As soon as the line containing "Une présentation officielle" appears, start repeating lines exactly and continue to the end of the entries; please skip pictures.

(RECORDED DATA Opens)

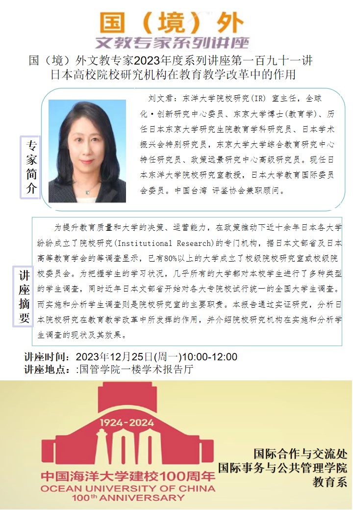 国(境)外文教专家2023年度系列讲座第一百九十一讲:日本高校院校研究机构在教育教学改革中的作用
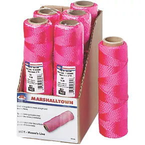 Twisted nylon construction which produces a sturdy and durable line. Once the line is created it is wound onto the cardboard core. Line is then ‘heat-set’ to stabilize and further strengthen it. Not affected by mortar, oil or mildew. Will not absorb water, therefore reducing the likeliness of the line breaking. The fluorescent pink colouring provides high visibility, meaning the line can be used in a number of conditions. Perfect for staking out sites, concrete and landscape layout, as well as brick and block laying.
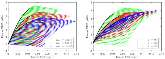 The distribution of excess MSS and NRCS versus wind speed (at ) and relative azimuth (at m/s) are shown in (left) and (right) plots, respectively. The leading edge of each surface, approximated using 4th-degree polynomial, is indicated using black curves.
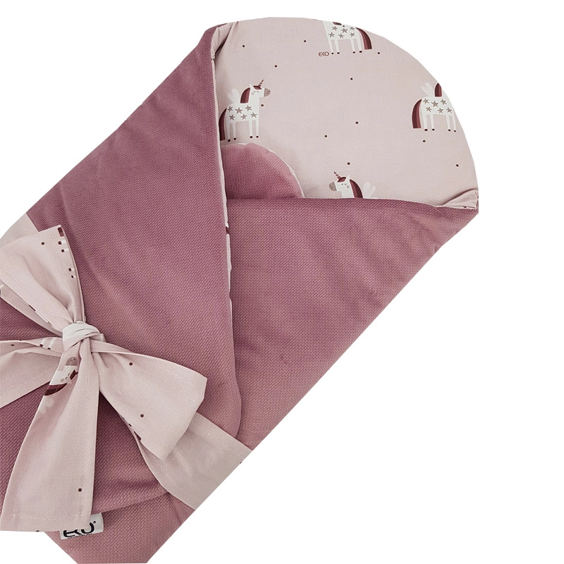 Táto prémiová zavinovačka EKO je navrhnutá pre bezpečné a pohodlné zavinutie novorodenca. Vonkajšia strana z mäkkého velvetu je hebká na dotyk, vnútorná podšívka z kvalitnej bavlny s digitálnou potlačou je priedušná a šetrná k citlivej pokožke. Integrovaná, no ľahko vyberateľná kokosová vložka pomáha rodičom s istejším držaním bábätka a dodáva zavinovačke tvar.
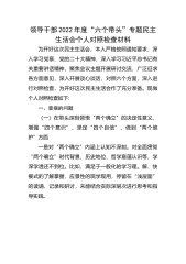 局党组书记专题民主生活会“六个带头”个人对照检查材料按照《关于开好20xx年度县以上党和国家机关党员领导干部民主生活会的通知》要求,本人紧扣本次民主生活会主题,在深入学习的基础上,结合自身实际和工作情况,对照"六个方面"内容,深入查摆问题不足,深刻剖析问题根源,进一步明确整改措施和努力方向。现作对照检查如下。一、存在的主要问题(一)在带头深刻感悟"两个确立"的决定性意义,增强"四个意识"、坚定"四个自信"、做到"两个维护"方面。能够自觉增强"四个意识"、坚定"四个自信"、拥护“两个确立",做到"两个维护",在思想上政治上行动上同以习近平同志为核心的党中央保持高度一致。但对照检查还存在:一是理论...
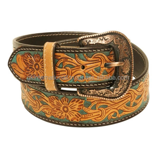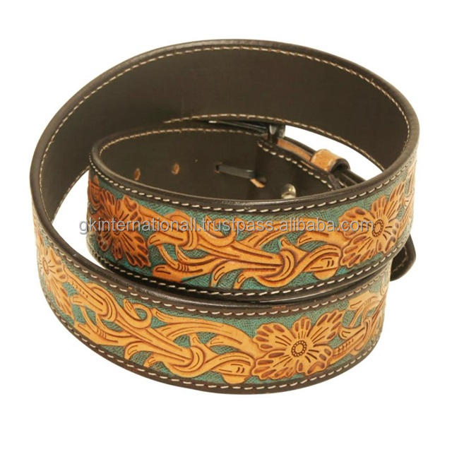 Premium Quality Cowhide Genuine Hand Tooled Western Leather Belts Custom 38mm Wide Cowboy Belt With Interchangeable Brass Buckle
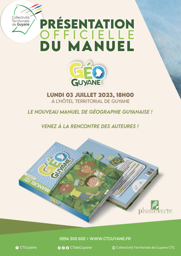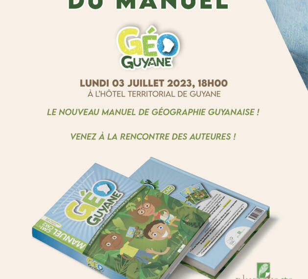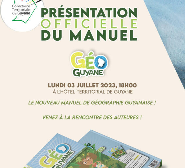 Une présentation officielle du nouveau manuel de géographie guyanaise, “Géo Guyane” dédié aux élèves des classes de CM1/CM2 de Guyane, se déroulera le lundi 3 juillet 2023, à l’Hôtel Territorial, en présence des auteures Audrey Chambaud-Regnier et Émily Sollet-Markour et de l’éditeur “Plume Verte”. La Collectivité Territoriale de Guyane a accompagné l’élaboration et la publication de cet ouvrage.
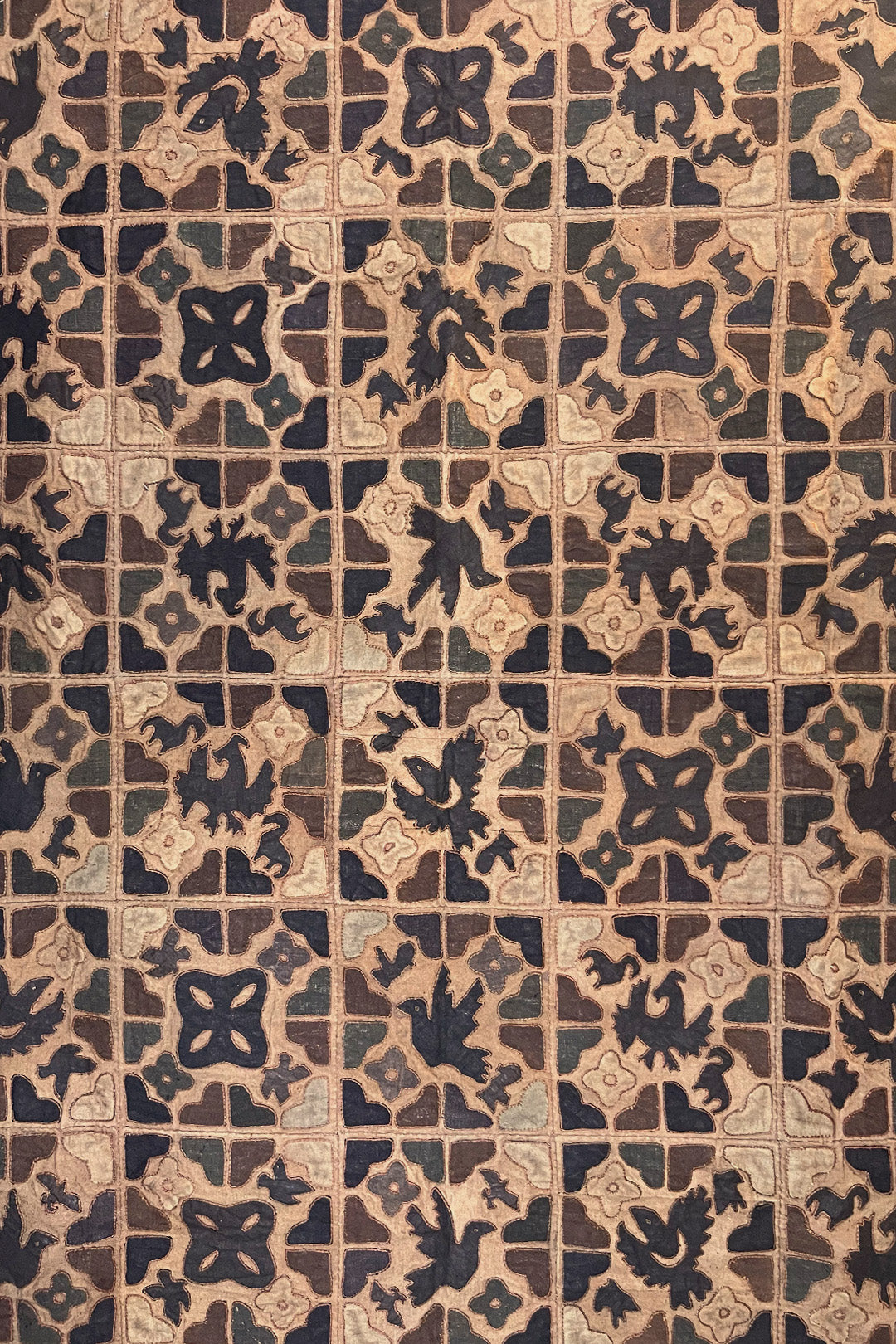 This piece is decorated with embroidered or appliqué geometric, organic, and animal shapes. The appliqué fabrics are shades of indigo, which is common in this region, and neutral tones. The ground is a natural colored cotton and is pieced together in squares, with the appliqué creating smaller shapes within that.
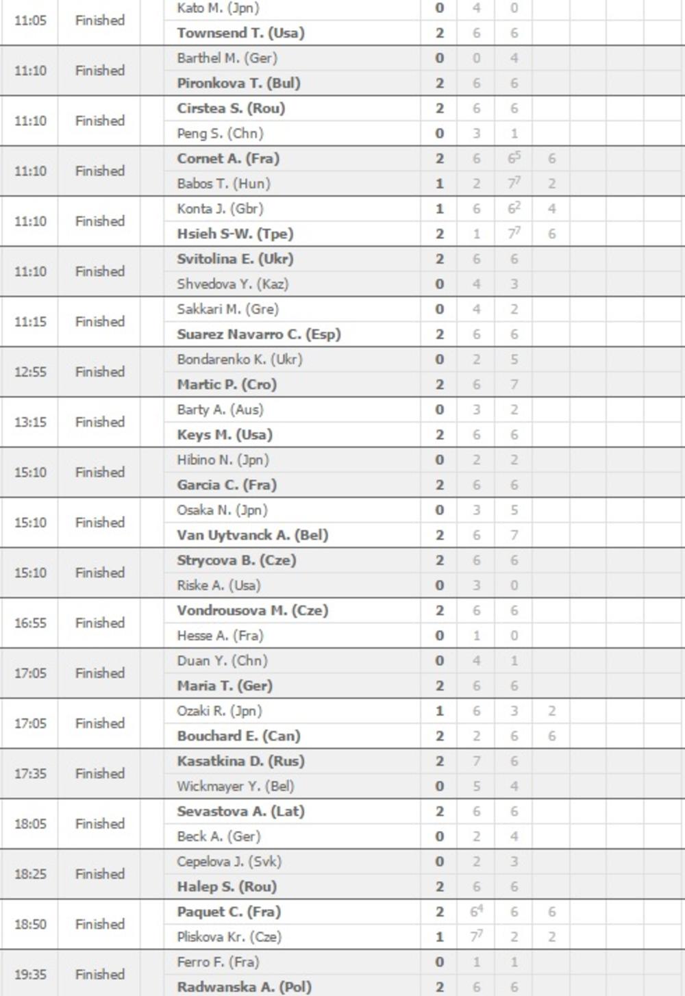 Kod dama su se desila dva iznenađenja - Džoana Konta je sa 2:1 izgubila od Hije, dok je domaća teniserka Pake bile bolja od Karoline Pliškove.

(RECORDED DATA Closes)

ANSWER AREA
 Une présentation officielle du nouveau manuel de géographie guyanaise, “Géo Guyane” dédié aux élèves des classes de CM1/CM2 de Guyane, se déroulera le lundi 3 juillet 2023, à l’Hôtel Territorial, en présence des auteures Audrey Chambaud-Regnier et Émily Sollet-Markour et de l’éditeur “Plume Verte”. La Collectivité Territoriale de Guyane a accompagné l’élaboration et la publication de cet ouvrage.
 This piece is decorated with embroidered or appliqué geometric, organic, and animal shapes. The appliqué fabrics are shades of indigo, which is common in this region, and neutral tones. The ground is a natural colored cotton and is pieced together in squares, with the appliqué creating smaller shapes within that.
 Kod dama su se desila dva iznenađenja - Džoana Konta je sa 2:1 izgubila od Hije, dok je domaća teniserka Pake bile bolja od Karoline Pliškove.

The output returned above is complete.